▶ [What this task involves]: Exact repetition of a range: find the line containing "Erik Bergman (1886-1970), parish" and the line containing "Christ Church parish" in the material below, then repeat both and all lines between them, leaving pictures out.

▶ [Record extracts]:
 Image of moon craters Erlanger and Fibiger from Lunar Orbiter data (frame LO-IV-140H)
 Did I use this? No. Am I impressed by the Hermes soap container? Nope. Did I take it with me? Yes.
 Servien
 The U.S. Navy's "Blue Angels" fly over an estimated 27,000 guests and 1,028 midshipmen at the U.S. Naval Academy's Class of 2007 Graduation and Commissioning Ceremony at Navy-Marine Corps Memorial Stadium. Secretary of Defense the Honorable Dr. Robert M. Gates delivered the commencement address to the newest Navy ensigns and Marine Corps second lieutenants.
* * *
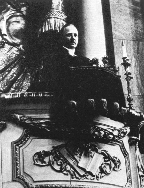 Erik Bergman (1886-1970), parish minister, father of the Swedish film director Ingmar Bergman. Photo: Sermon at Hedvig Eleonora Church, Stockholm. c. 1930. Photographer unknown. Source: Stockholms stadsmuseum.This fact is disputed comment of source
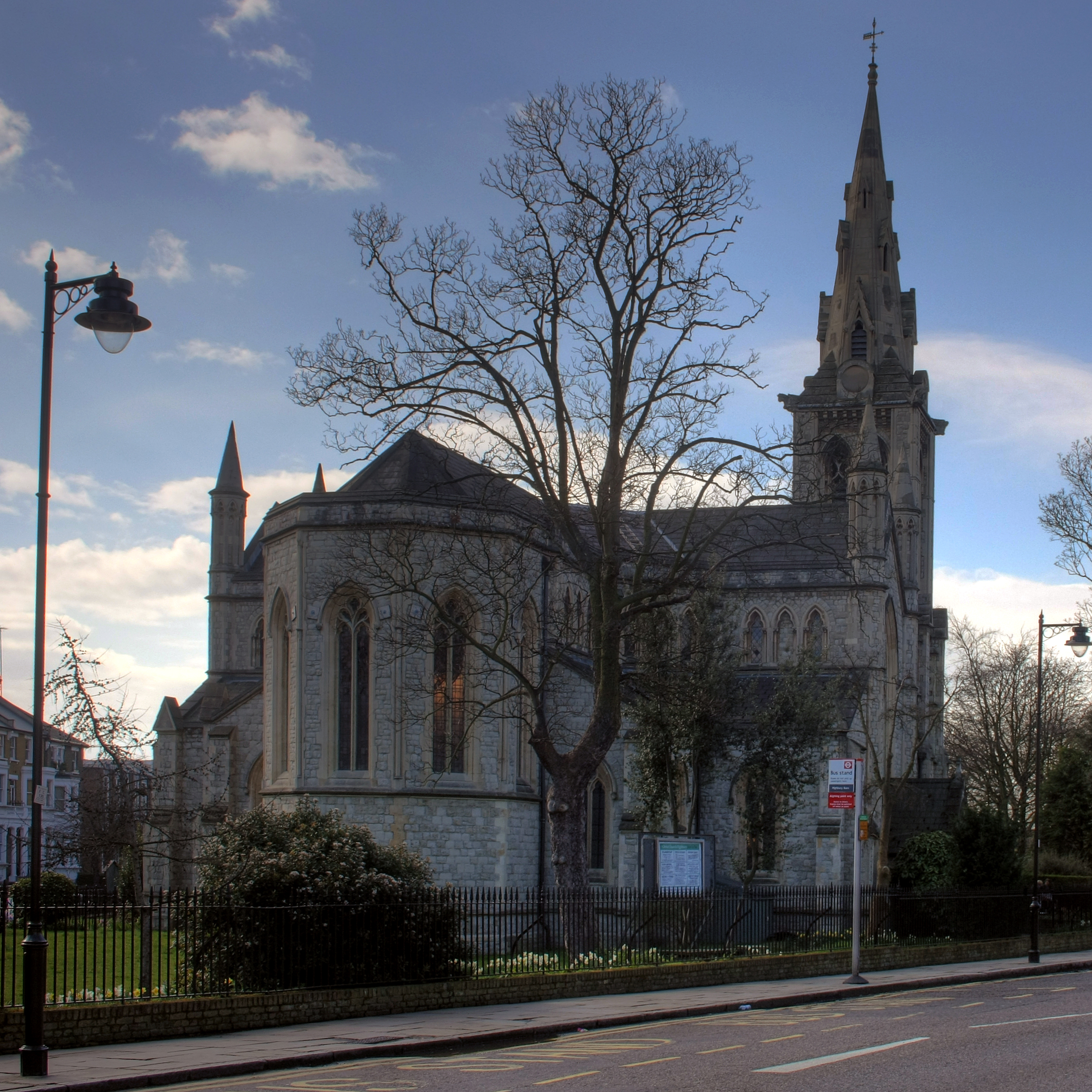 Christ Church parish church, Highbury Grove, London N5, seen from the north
---
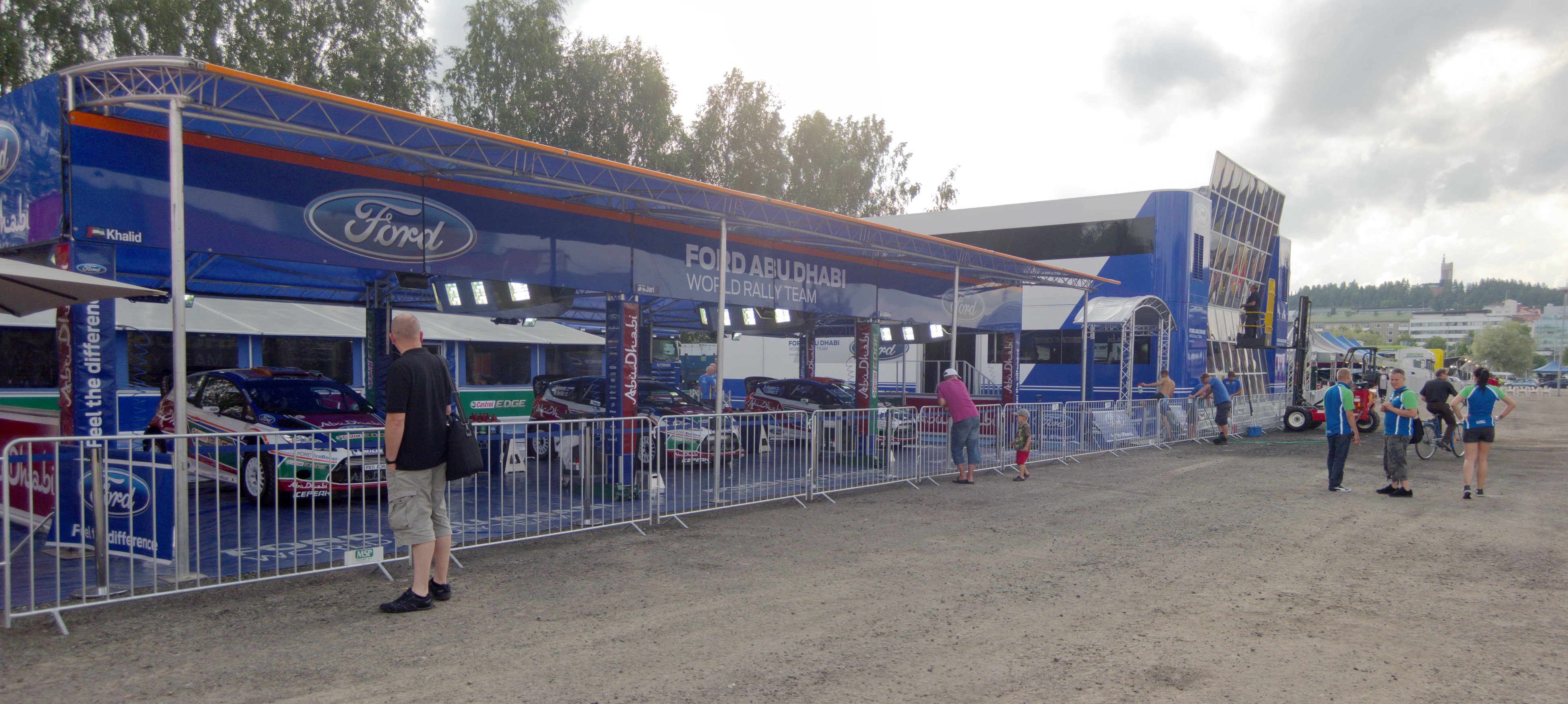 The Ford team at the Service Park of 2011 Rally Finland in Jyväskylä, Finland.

▶ [Response]:
 Erik Bergman (1886-1970), parish minister, father of the Swedish film director Ingmar Bergman. Photo: Sermon at Hedvig Eleonora Church, Stockholm. c. 1930. Photographer unknown. Source: Stockholms stadsmuseum.This fact is disputed comment of source
 Christ Church parish church, Highbury Grove, London N5, seen from the north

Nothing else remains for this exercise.